Segment Open

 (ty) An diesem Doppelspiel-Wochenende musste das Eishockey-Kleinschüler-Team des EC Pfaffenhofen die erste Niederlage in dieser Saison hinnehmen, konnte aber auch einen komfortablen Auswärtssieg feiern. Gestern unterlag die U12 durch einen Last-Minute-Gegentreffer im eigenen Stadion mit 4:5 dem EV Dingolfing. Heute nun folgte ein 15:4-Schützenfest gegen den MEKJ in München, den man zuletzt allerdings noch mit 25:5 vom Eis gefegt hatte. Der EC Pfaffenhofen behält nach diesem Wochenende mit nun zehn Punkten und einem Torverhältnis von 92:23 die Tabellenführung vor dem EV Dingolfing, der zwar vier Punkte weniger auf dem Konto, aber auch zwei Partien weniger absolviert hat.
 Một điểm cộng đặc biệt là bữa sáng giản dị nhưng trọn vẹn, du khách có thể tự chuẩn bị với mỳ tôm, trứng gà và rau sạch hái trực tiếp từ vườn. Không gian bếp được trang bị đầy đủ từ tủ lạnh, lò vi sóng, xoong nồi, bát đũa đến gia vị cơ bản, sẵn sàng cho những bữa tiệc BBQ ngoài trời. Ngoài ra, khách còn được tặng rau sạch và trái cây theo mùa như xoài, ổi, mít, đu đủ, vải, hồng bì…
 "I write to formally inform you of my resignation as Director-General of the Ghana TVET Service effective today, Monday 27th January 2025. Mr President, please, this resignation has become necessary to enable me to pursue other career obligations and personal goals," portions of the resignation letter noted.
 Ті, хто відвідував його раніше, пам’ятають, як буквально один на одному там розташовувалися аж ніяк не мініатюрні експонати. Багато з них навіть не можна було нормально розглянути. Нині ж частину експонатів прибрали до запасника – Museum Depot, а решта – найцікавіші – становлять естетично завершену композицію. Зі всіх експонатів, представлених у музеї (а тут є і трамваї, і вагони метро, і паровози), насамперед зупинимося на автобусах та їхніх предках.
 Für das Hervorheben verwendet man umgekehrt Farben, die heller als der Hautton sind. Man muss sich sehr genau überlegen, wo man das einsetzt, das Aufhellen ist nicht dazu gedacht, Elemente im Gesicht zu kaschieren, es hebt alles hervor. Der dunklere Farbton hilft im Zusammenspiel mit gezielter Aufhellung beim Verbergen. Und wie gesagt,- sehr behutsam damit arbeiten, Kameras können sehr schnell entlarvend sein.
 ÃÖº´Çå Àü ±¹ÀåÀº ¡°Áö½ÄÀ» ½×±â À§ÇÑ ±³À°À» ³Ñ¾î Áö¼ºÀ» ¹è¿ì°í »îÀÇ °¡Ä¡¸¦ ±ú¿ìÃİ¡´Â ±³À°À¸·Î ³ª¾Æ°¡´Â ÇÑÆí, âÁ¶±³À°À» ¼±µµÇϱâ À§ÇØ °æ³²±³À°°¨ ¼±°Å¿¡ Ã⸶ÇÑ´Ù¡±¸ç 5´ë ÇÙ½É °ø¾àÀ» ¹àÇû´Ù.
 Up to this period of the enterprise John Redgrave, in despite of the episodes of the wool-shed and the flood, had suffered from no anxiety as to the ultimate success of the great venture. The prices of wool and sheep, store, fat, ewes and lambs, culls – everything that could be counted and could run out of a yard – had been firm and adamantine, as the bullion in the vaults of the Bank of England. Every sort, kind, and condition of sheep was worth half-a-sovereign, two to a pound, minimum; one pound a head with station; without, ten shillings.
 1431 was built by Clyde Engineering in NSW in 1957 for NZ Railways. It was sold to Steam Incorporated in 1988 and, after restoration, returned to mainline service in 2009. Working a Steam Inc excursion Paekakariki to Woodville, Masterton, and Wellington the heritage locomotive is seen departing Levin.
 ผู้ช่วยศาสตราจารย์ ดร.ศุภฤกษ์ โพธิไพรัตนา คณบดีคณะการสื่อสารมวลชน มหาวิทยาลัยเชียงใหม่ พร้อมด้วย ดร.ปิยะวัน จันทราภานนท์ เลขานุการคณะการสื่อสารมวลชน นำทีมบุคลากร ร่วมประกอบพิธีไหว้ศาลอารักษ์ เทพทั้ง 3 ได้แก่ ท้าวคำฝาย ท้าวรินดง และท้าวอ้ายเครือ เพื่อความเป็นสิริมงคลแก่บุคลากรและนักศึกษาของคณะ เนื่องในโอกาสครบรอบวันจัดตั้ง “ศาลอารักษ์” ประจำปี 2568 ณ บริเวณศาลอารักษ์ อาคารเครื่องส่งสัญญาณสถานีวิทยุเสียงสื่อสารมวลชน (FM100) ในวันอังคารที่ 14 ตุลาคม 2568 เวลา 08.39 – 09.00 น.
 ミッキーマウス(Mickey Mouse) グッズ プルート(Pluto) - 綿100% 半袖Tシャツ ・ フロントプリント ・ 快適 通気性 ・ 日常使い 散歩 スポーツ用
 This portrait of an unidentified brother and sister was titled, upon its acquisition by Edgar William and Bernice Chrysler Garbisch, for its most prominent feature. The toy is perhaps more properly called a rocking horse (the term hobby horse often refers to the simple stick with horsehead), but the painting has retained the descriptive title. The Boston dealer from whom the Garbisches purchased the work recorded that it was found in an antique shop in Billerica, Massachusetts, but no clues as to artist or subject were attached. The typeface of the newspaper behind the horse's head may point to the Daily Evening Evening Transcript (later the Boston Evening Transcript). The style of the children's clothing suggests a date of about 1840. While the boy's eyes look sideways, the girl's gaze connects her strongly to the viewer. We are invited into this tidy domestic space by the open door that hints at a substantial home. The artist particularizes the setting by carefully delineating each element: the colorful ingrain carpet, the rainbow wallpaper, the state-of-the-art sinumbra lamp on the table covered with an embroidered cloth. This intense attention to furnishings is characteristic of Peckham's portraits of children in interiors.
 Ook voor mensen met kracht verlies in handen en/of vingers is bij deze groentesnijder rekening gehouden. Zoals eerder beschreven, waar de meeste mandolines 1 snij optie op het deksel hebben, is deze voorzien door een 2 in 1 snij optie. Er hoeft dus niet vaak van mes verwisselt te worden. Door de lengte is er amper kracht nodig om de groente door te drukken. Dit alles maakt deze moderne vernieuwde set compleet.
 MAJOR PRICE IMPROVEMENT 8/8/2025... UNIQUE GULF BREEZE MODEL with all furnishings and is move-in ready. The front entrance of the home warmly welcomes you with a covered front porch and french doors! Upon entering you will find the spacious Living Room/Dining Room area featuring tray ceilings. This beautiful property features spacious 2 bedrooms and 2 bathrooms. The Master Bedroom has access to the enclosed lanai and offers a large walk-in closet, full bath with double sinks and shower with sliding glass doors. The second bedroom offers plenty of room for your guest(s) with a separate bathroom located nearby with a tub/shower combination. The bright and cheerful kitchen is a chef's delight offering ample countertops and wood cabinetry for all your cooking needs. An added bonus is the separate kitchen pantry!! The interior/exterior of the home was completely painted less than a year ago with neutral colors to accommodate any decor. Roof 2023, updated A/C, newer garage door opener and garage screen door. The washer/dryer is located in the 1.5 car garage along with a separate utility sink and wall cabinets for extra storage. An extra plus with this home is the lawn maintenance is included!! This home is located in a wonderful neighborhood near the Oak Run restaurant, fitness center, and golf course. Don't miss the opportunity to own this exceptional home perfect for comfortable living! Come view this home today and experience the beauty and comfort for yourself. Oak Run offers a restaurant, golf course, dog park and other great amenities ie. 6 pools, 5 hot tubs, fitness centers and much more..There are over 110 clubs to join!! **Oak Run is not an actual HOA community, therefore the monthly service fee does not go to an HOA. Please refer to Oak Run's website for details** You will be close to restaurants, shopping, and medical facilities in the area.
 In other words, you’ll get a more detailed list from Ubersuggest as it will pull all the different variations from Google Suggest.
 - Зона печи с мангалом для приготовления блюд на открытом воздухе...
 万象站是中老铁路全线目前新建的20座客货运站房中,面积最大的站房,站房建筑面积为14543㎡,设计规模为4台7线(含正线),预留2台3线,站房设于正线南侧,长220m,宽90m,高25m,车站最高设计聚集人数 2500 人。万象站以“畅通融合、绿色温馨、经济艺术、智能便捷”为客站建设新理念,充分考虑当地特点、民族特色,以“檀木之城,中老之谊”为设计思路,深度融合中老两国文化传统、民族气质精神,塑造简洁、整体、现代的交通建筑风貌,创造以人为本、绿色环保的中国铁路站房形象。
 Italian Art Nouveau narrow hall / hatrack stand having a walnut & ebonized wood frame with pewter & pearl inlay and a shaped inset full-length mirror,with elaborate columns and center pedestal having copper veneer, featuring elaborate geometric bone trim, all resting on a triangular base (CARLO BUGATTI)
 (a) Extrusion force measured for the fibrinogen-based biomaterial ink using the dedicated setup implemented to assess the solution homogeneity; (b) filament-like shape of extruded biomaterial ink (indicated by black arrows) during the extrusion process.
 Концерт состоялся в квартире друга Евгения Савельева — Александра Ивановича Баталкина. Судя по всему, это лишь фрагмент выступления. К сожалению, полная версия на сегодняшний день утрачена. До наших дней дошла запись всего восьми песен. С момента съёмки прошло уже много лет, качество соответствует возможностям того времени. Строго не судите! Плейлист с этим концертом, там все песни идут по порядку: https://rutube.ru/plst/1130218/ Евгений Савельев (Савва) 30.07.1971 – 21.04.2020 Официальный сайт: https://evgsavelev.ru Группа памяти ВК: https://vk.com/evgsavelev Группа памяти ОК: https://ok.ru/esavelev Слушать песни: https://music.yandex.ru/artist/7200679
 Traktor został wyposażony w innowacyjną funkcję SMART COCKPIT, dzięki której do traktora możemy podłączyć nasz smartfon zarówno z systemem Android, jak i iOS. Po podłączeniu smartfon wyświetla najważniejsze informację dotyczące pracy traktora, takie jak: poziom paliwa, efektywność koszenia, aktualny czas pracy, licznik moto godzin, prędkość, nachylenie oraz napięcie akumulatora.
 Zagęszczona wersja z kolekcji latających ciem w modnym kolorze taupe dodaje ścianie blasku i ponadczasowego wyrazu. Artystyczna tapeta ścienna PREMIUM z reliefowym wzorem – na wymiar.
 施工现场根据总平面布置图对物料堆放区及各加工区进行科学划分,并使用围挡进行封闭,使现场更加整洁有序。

Segment Closed

:: AIM OF THE EXERCISE ::
Look above for the line containing "(a) Extrusion force", then please write out that line and each one after it through the end, exactly, with nothing else.

:: ANSWER TO THE EXERCISE ::
 (a) Extrusion force measured for the fibrinogen-based biomaterial ink using the dedicated setup implemented to assess the solution homogeneity; (b) filament-like shape of extruded biomaterial ink (indicated by black arrows) during the extrusion process.
 Концерт состоялся в квартире друга Евгения Савельева — Александра Ивановича Баталкина. Судя по всему, это лишь фрагмент выступления. К сожалению, полная версия на сегодняшний день утрачена. До наших дней дошла запись всего восьми песен. С момента съёмки прошло уже много лет, качество соответствует возможностям того времени. Строго не судите! Плейлист с этим концертом, там все песни идут по порядку: https://rutube.ru/plst/1130218/ Евгений Савельев (Савва) 30.07.1971 – 21.04.2020 Официальный сайт: https://evgsavelev.ru Группа памяти ВК: https://vk.com/evgsavelev Группа памяти ОК: https://ok.ru/esavelev Слушать песни: https://music.yandex.ru/artist/7200679
 Traktor został wyposażony w innowacyjną funkcję SMART COCKPIT, dzięki której do traktora możemy podłączyć nasz smartfon zarówno z systemem Android, jak i iOS. Po podłączeniu smartfon wyświetla najważniejsze informację dotyczące pracy traktora, takie jak: poziom paliwa, efektywność koszenia, aktualny czas pracy, licznik moto godzin, prędkość, nachylenie oraz napięcie akumulatora.
 Zagęszczona wersja z kolekcji latających ciem w modnym kolorze taupe dodaje ścianie blasku i ponadczasowego wyrazu. Artystyczna tapeta ścienna PREMIUM z reliefowym wzorem – na wymiar.
 施工现场根据总平面布置图对物料堆放区及各加工区进行科学划分,并使用围挡进行封闭,使现场更加整洁有序。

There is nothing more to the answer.